━━━ Data for review ━━━

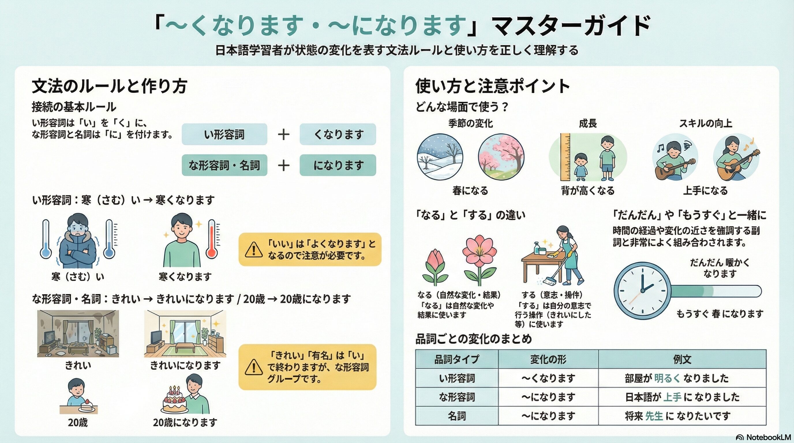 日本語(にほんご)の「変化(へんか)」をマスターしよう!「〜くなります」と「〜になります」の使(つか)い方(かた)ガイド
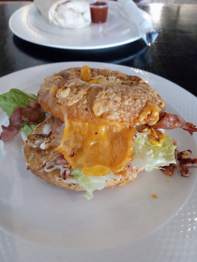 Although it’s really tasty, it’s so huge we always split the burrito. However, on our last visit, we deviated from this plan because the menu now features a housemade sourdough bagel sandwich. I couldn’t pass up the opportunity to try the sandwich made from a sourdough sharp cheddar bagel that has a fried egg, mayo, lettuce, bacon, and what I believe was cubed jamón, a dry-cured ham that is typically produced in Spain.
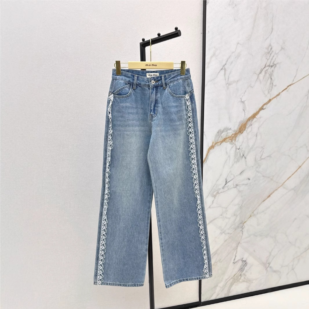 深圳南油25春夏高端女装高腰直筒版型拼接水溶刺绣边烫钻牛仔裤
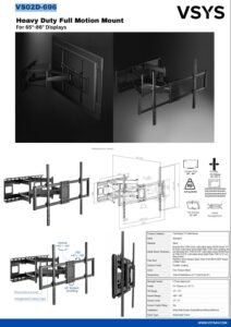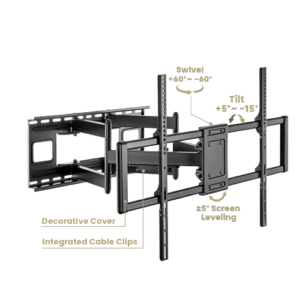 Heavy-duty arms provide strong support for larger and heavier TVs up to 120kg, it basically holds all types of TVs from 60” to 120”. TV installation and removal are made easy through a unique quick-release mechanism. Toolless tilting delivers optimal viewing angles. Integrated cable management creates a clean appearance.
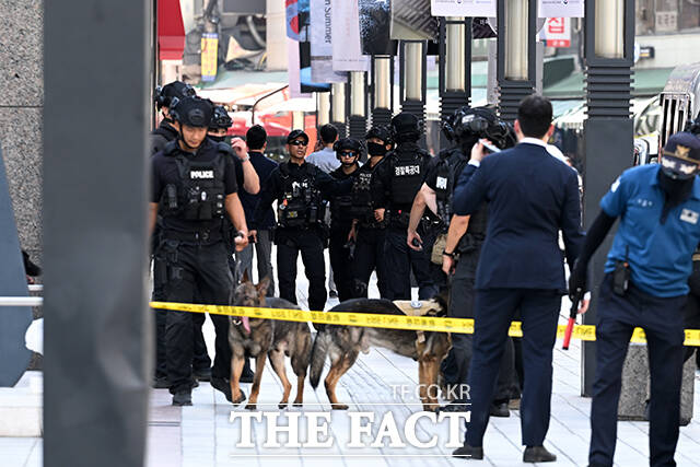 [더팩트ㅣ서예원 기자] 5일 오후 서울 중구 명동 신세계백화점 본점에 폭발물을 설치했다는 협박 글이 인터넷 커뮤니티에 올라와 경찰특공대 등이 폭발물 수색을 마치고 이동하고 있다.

━━━

## What needs to be done
A verbatim reproduction is expected: starting at the line above that has "Although it’s really", ending at the line that has "深圳南油25春夏高端女装高腰直筒版型拼接水溶刺绣边烫钻牛仔裤", both included, and with no pictures and no other lines.

## Solution for this exercise
 Although it’s really tasty, it’s so huge we always split the burrito. However, on our last visit, we deviated from this plan because the menu now features a housemade sourdough bagel sandwich. I couldn’t pass up the opportunity to try the sandwich made from a sourdough sharp cheddar bagel that has a fried egg, mayo, lettuce, bacon, and what I believe was cubed jamón, a dry-cured ham that is typically produced in Spain.
 深圳南油25春夏高端女装高腰直筒版型拼接水溶刺绣边烫钻牛仔裤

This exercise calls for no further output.